An interesting component of Recursion OS, is a knowledge graph tool that evaluates promising signals found by the Recursion OS through a complex lens of topics of interest in biology and drug discovery – including global trend scores, protein pockets and structure, competitive landscape, and clinical trials. The knowledge graph allows researchers to perform “target deconvolution” – identifying and validating the molecular targets of a small molecule's phenotypic responses – in order to narrow those hundreds of possibilities into the best target opportunity.
A more recent example comes from a California-based Iambic Therapeutics, founded in 2019. The team at Iambic developed a drug discovery platform that integrates three specialized AI systems—Magnet, NeuralPLexer, and Enchant—into a unified pipeline that computationally spans molecular design, structure prediction, and clinical property inference.

Magnet generates synthetically accessible small molecules by leveraging reaction-aware generative models constrained by Iambic’s automated chemistry infrastructure. These molecules are passed to NeuralPLexer, a multi-scale diffusion-based generative model that directly predicts atom-level, ligand-induced conformational changes in protein-ligand complexes using only protein sequence and ligand graph as input. The resulting structural complexes inform both target engagement and binding specificity.
Finally, Enchant uses a multi-modal transformer architecture trained across diverse, noisy preclinical datasets to predict human pharmacokinetics and other clinical outcomes via transfer learning, achieving high predictive accuracy even with minimal clinical data. This architecture enables an iterative, model-driven workflow where molecular candidates are designed, structurally evaluated, and clinically prioritized entirely in silico before synthesis.
Finally, there is a notable example from the area of neurodegenerative diseases, Verge Genomics.

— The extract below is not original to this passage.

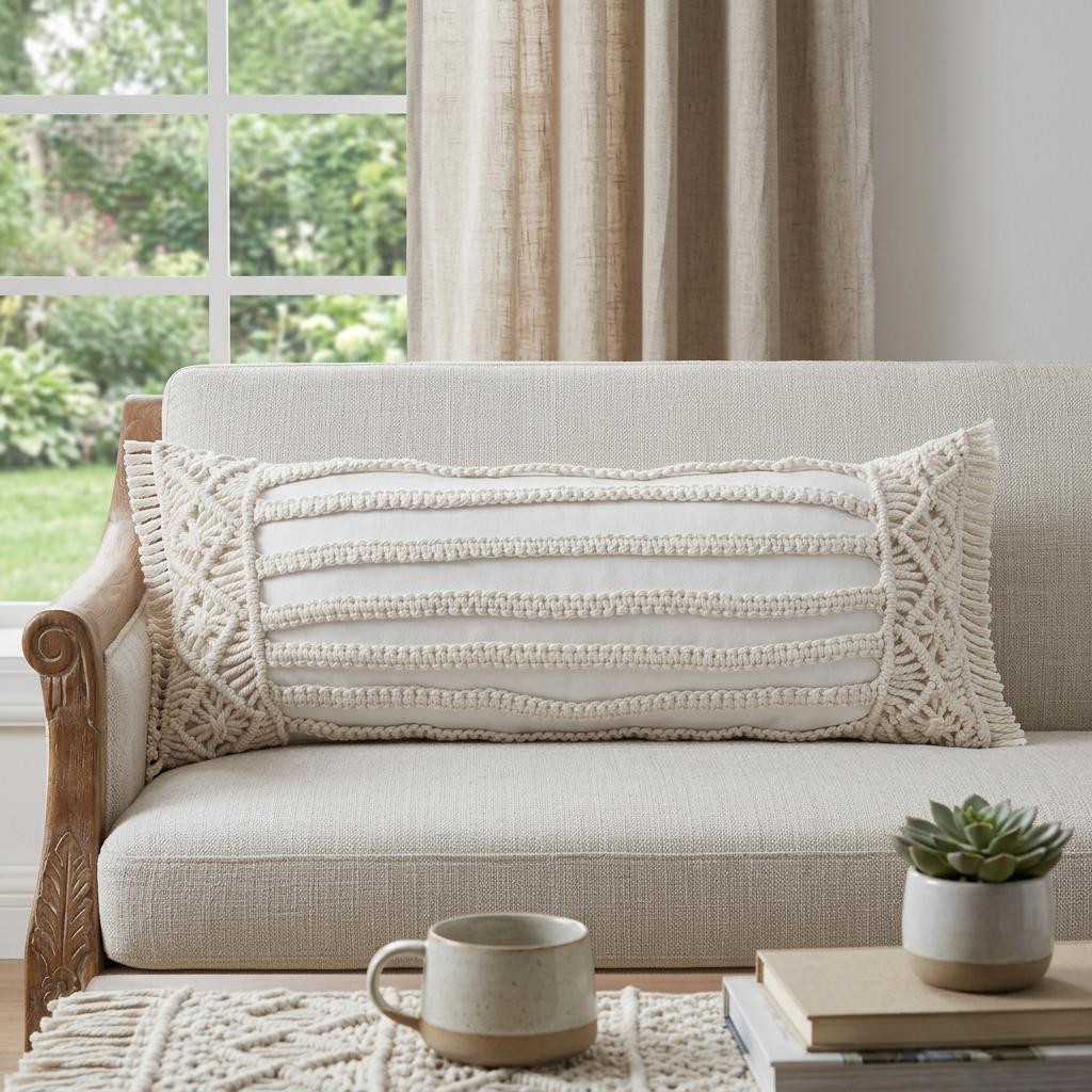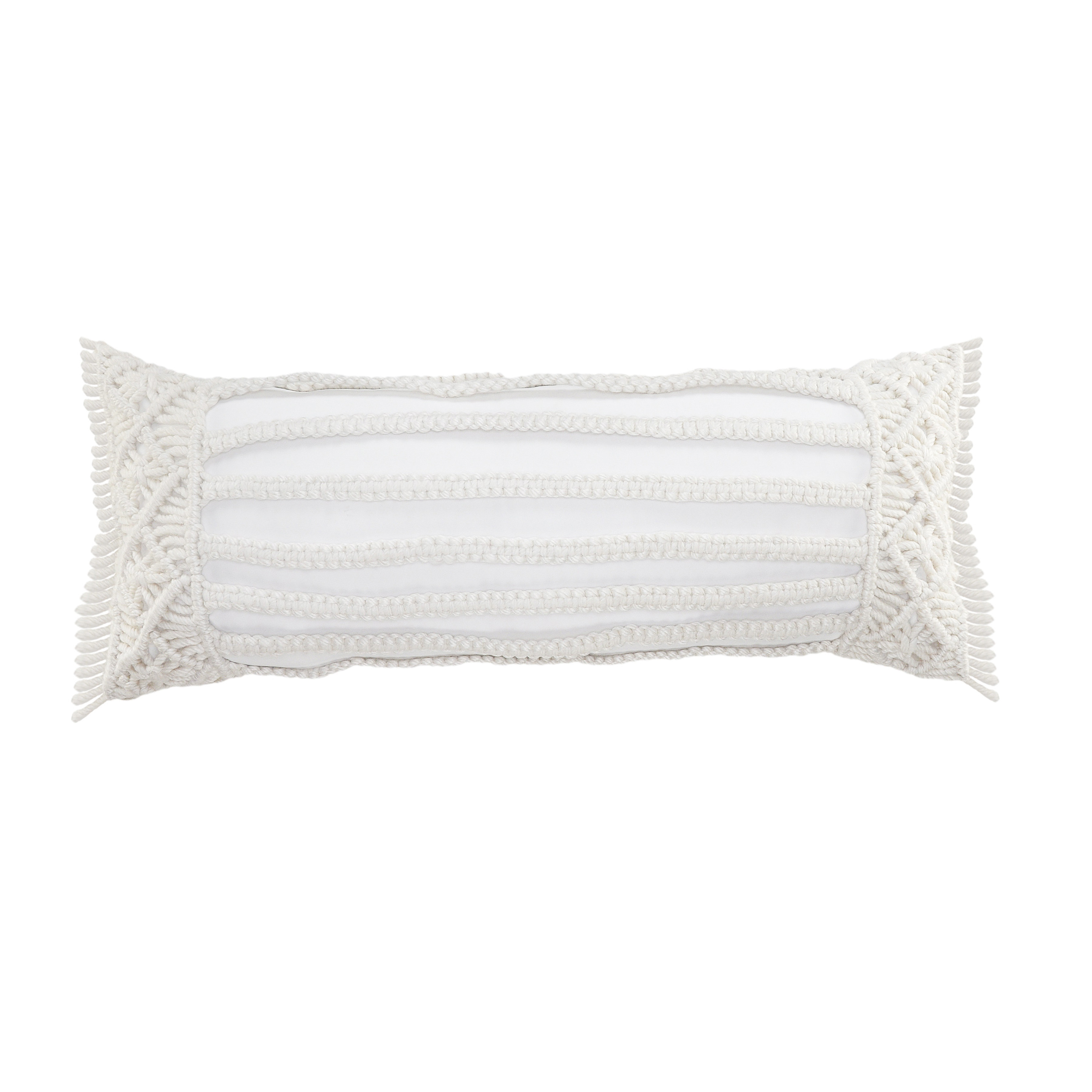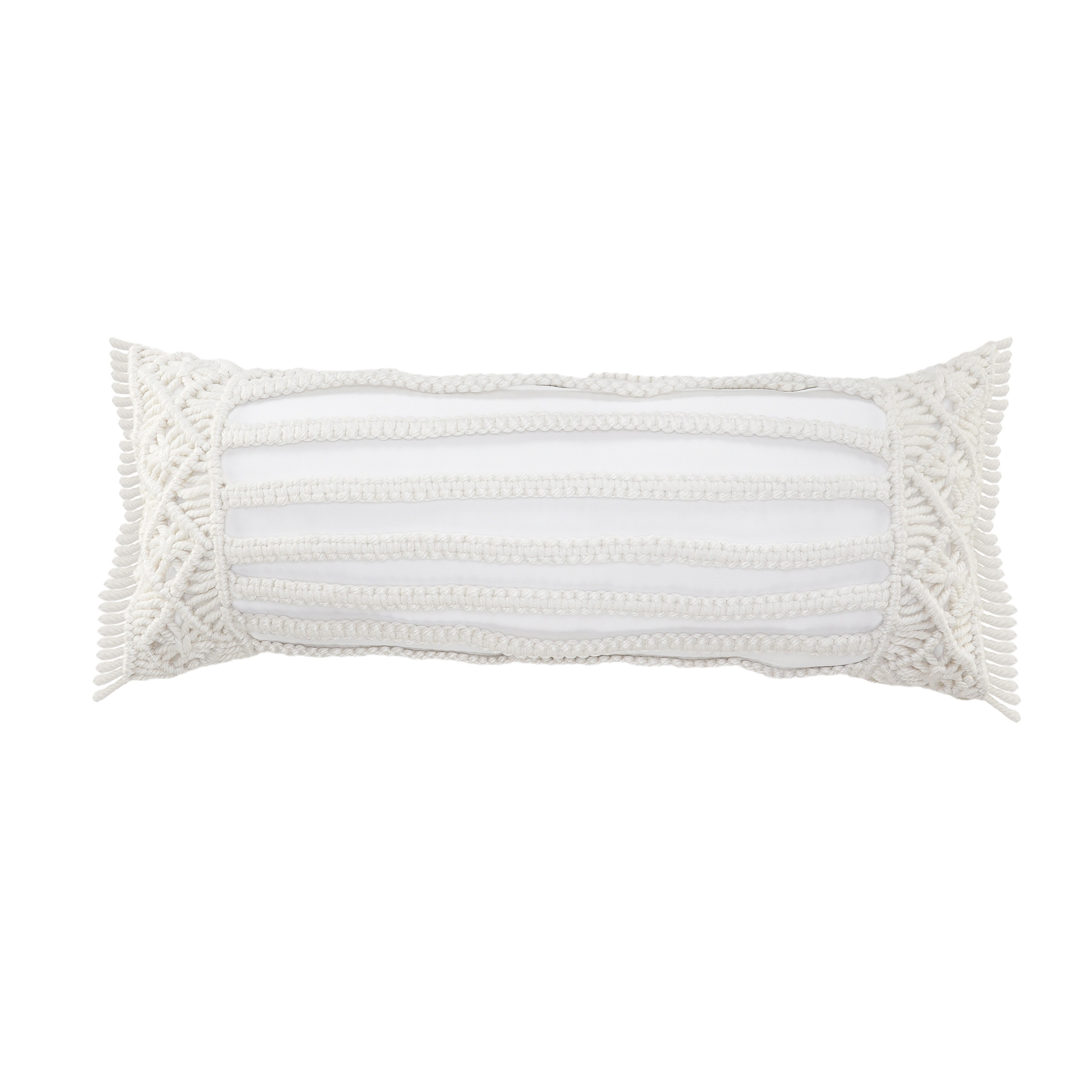 This 14-inch x 36-inch ivory and white lumbar striped throw pillow cover with fringe and texture will add a beautiful decorative accent to your decor. The ivory and white coloring of the extremely durable and long lasting polyester pillow cover will add dimension and texture to your space. Pillow covers are a good idea for anyone that loves to decorate or accent their space with color and texture. Combine with your own fill or insert to add decoration and dimension to your favorite chair, accent your sofa, or to use as part of your bed ensemble. 14.00-inch h x 36.00-inch w x 0.25-inch d.
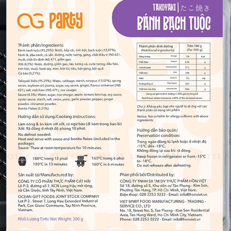 - Bánh Bạch Tuộc OG Party là lựa chọn lý tưởng dành cho những ai muốn thưởng thức món takoyaki chuẩn vị Nhật ngay tại nhà một cách nhanh chóng và tiện lợi.

The CONVERGE® platform developed by Verge is an end-to-end, closed-loop machine learning system that integrates large-scale human-derived biological data with predictive modeling.
At its core, CONVERGE® leverages high-dimensional, multi-modal datasets—including over 60 terabytes of human gene expression and inferred gene relationships, thousands of gene perturbation and ChIP-seq studies, millions of protein-protein interactions, and direct-from-human clinical samples across diseases such as ALS, Parkinson’s, and FTD.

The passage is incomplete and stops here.